Below is Paul C's reply to my ope-l 2770. It was evidently sent to me alone,
but Paul intended it for the list---Andrew
----------
From: Paul Cockshott
Sent: Friday, August 02, 1996 4:51 AM
To: andrew kliman
Subject: RE: [OPE-L:2770] Re: socialism and planning
>Paul: "... under socialism the division of the social working day between
>necessary and surplus labour is essentially determined at the political
>level."
>
>Andrew: It is insufficient to assert this. What ensures that capitalistic
>exigencies don't determine the decisions made at the political level?
Paul C:
That is a fair point, but I dont think that there can be anything that
'ensures' that this will not take place. Politics is a process of
struggle in which the winner is not pre-guaranteed.
Andrew:
> Let's not forget that democracy,
>PARTICIPATIVE, DIRECT, democracy, originated in a slave society. What
>relations of production are needed so that the old crap will not re-emerge,
>and how can they be secured and defended?
>
Paul C:
Democracy only protects the rights of citizens. It is certainly
conceivable that a socialist democracy could behave in an exploitative
way to non-citizens, foreign prisoners of war or class enemies. If the
mass of the citizens hated or had no sympathy for them, they might well
applaud them being put to forced labour.
Andrew:
>In the *very best* of circumstances, elections of this sort are a very weak
>sign of what people really want. See Arrow. In reality, so many possible
>alternatives are not represented that they are no sign at all. And
>*plebiscites*, which Paul recommends, are well known to be the most
>manipulable "democratic" instruments.
Paul C:
I agree with Andrew on the inadequacy of elections, and with his criticism
of standard plebiscites. However, what I am suggesting goes way beyond what
has ever been put to the vote. No society has allowed the working population
to decide the division between necessary and surplus labour time, nor
the distribution of the surplus. What is put to the vote in conventional
plebiscites is a yes or no to a particular proposition. Whilst this has
been a very important democratic advance at times, for instance the
votes on divorce rights that have occured in some catholic republics,
it is still very limited. But what other means are there for collective
social control over the future direction of the economy?

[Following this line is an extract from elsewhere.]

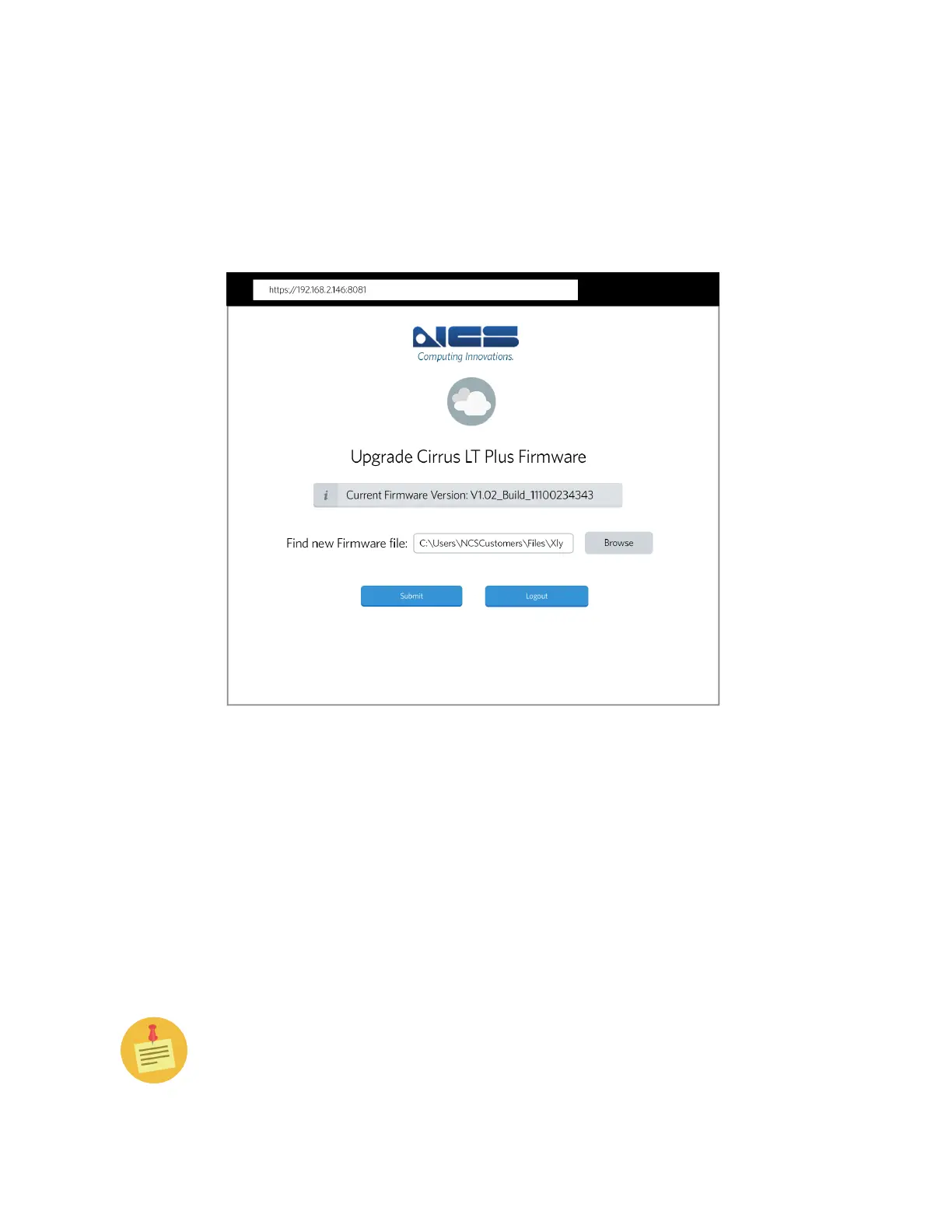 7. Click “Submit” to start the Firmware upload process. This can take up to 5
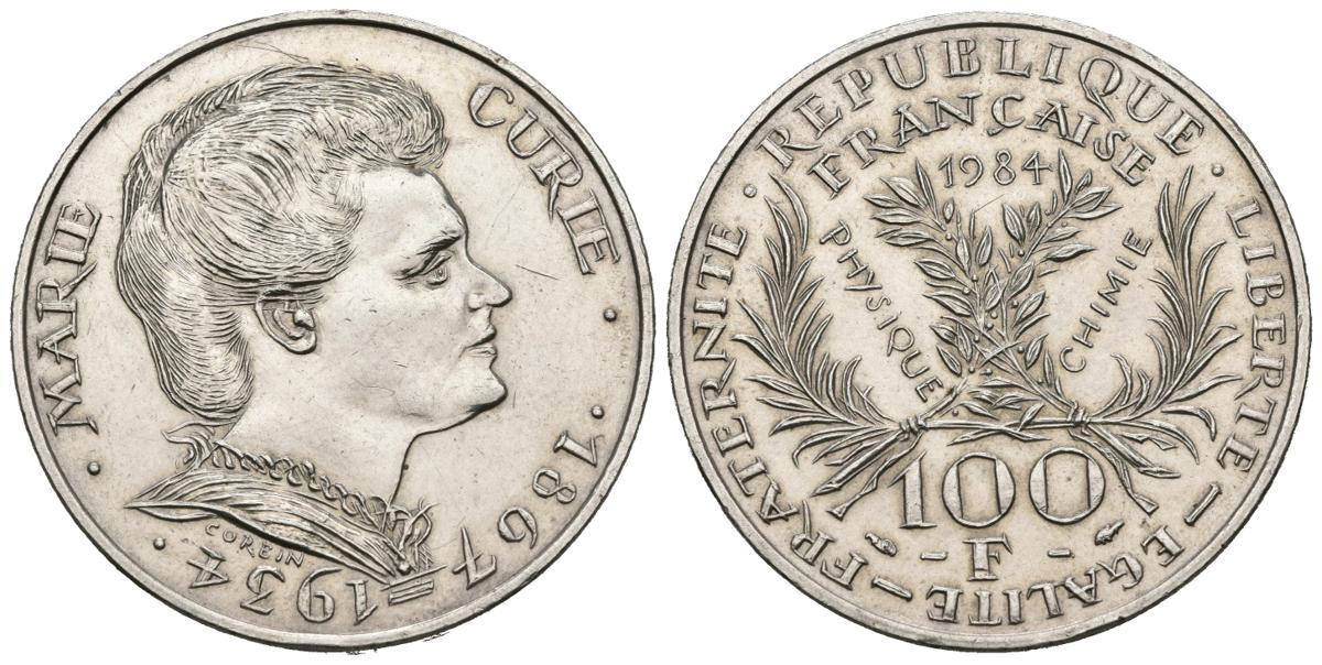 FRANCIA, Marie Curie (1867-1934). 100 Francs. (Ar. 15,00g/31mm). 1984. (Gadoury 899). EBC+. Rayitas de limpieza.

I assume, of course, that there would be the obvious democratic procedures
for citizens to propose new questions to put to the vote.
Andrew:
>The very limited choices Paul constructs for people to "determine" under
>socialism, e.g.
>
>"The level of the tax should be determined by annual plebiscite with power to
>make small incremental or decremental changes."
>
>are IMO insufficient, at best, to express what they want, much less
>"determine" their destiny. At the very, very minimum, the great political
>advances made by the Paris Commune need to be studied very seriously, such as
>immediate recall of politicians and the payment of officials at average
>workers' wages.
Paul:
The reason why I suggest that only small incremental changes in tax
levels can practically be voted on is simply that economies can only
adjust slowly to changes in the level of surplus labour. A 50% reduction
in total taxes in one year would imply a huge transfer of labour from
the provision of investment and public services to the direct provision
of consumer goods. This would just not be possible in a short time.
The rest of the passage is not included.